• **Description of the task**
Would you repeat the whole listing exactly, pictures excluded?

Dataset extract Block Start

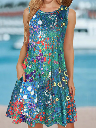 Women's Mini Dress Strappy Dress Vintage Floral Dress
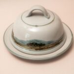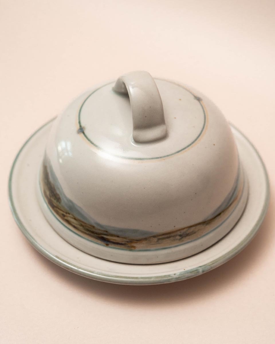 Deze botervloot is handgemaakt door Highland Stoneware in Lochinver, Schotland, en dat vakmanschap zie je in alles terug. Het landschapspatroon is met de hand op het aardewerk geschilderd, waardoor je de Schotse heuvels bijna voor je ziet. Ik vind het een heerlijk stevig item dat zowel praktisch als decoratief is. De oude stempel aan de onderzijde laat zien dat dit een ouder exemplaar is, wat hem net dat beetje extra karakter geeft voor op een gezellig gedekte tafel.
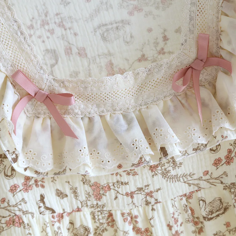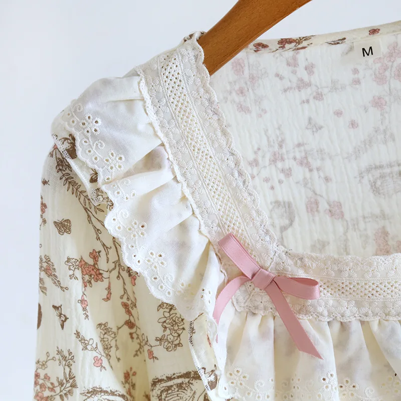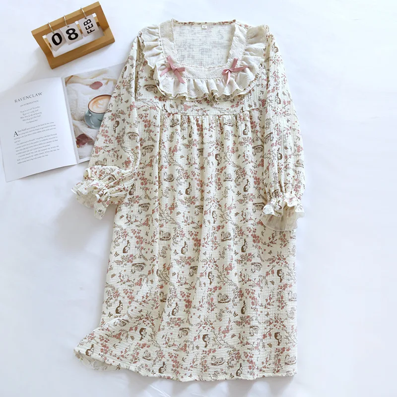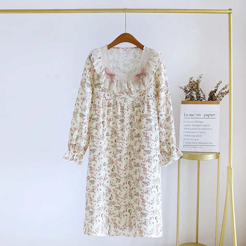 Women’s Sleep Cotton Night Dress Nighties For Womens Spring Summer Floral Print Nightgowns Princess Pajama Dress Nightwear

Dataset extract Block End

• **Task answer**
 Women's Mini Dress Strappy Dress Vintage Floral Dress
 Deze botervloot is handgemaakt door Highland Stoneware in Lochinver, Schotland, en dat vakmanschap zie je in alles terug. Het landschapspatroon is met de hand op het aardewerk geschilderd, waardoor je de Schotse heuvels bijna voor je ziet. Ik vind het een heerlijk stevig item dat zowel praktisch als decoratief is. De oude stempel aan de onderzijde laat zien dat dit een ouder exemplaar is, wat hem net dat beetje extra karakter geeft voor op een gezellig gedekte tafel.
 Women’s Sleep Cotton Night Dress Nighties For Womens Spring Summer Floral Print Nightgowns Princess Pajama Dress Nightwear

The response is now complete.